Ten years ago old-time music was dying in the Kentucky mountains where it was born. “Fiddlers were hard to find around here,” says Knott County banjo player Randy Wilson. “I could count the ones I knew of on one hand.”
The Cowan Creek Mountain Music School was founded with the hope of reversing that trend. For seven years, the best old-time musicians in Kentucky have come to the school, in Letcher County near Whitesburg, to spend the last week of June teaching old-time tunes to mixed classes of children and adults. The school defines “old time” as the indigenous music that was in the mountains before the advent of radio and recordings.
The results of this cultural rescue mission are already evident, says Wilson, who has taught at Cowan Creek since the school began. “I know 20 or so fiddlers now, and fiddle is a hard instrument to learn. It takes time and encouragement. And the Cowan Creek School gives people that.”
Last October the school’s success in preserving the region’s cultural heritage was honored when its sponsoring organization, the Cowan Community Action Group, received the Kentucky Governor’s Folk Heritage Award.

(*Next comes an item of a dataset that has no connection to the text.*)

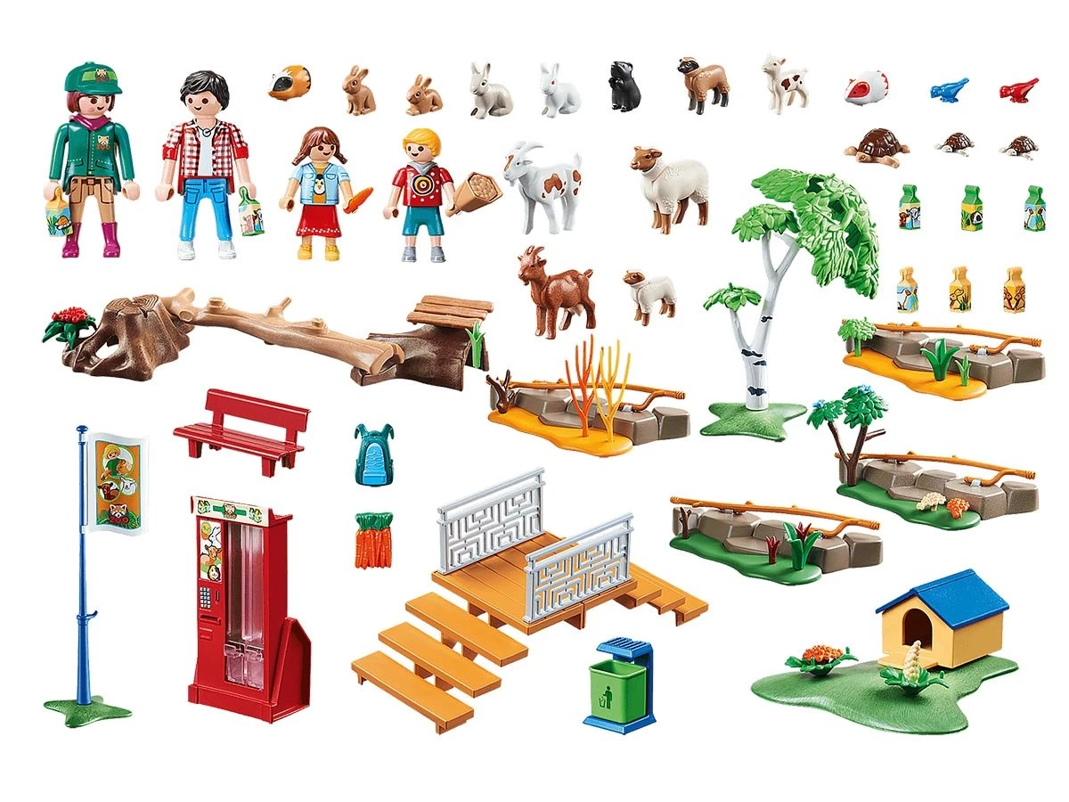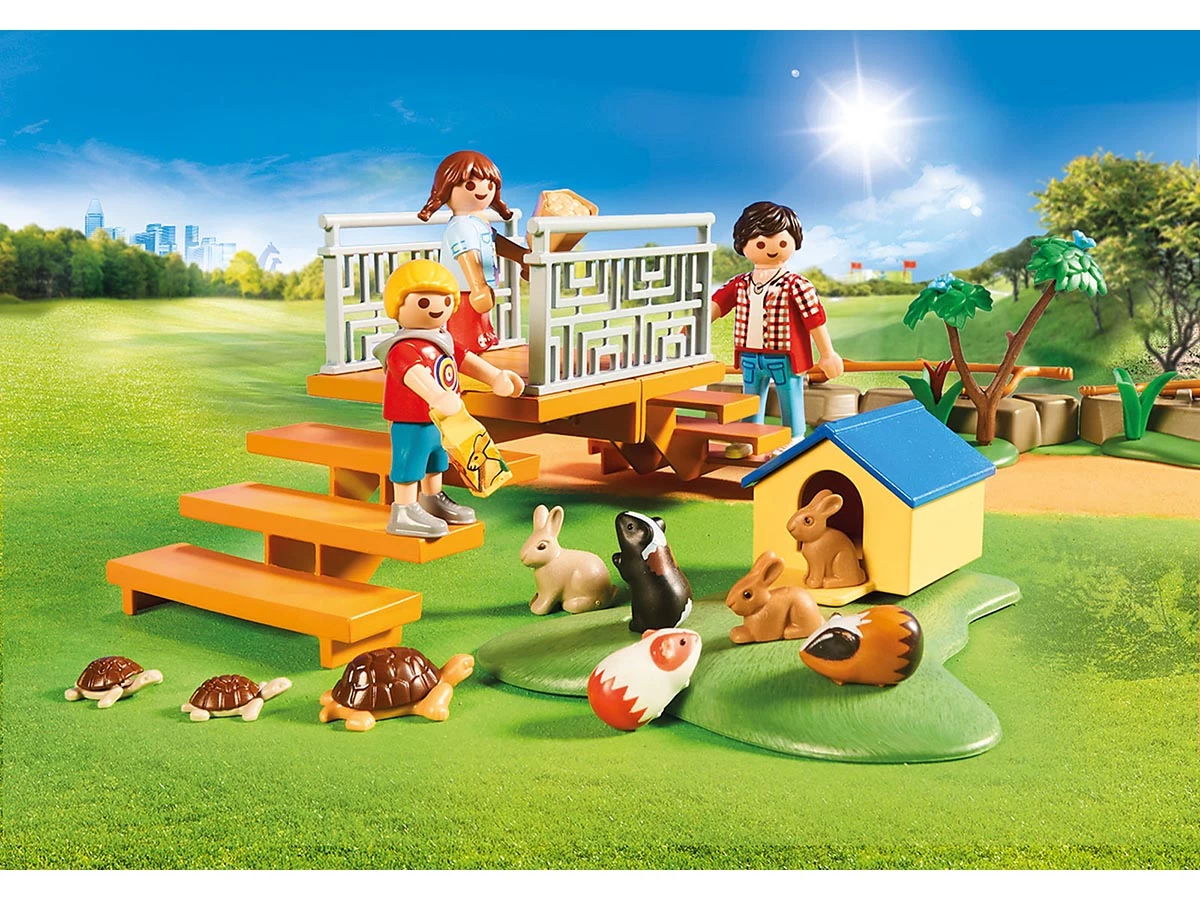 El zoo de mascotas se puede diseñar según los elementos de delimitación. Incluye plataforma de observación y dispensador de alimento.

That honor was hard-earned, says school founder Beverly May, a local fiddler and nurse practitioner. “We do fund-raisers all through the year so that every Kentucky kid can come to the school regardless of ability to pay. The kids sell CDs of the school performances like Girl Scout cookies. And so far we’ve squeaked through. The reason it’s worked is because the parents and kids realize that they have been brought into a welcoming community, and kids’ lives have been changed.”
The summer school has also led to a year-round program, “Pick and Bow,” in which students meet for music classes after school and perform at area festivals and community functions.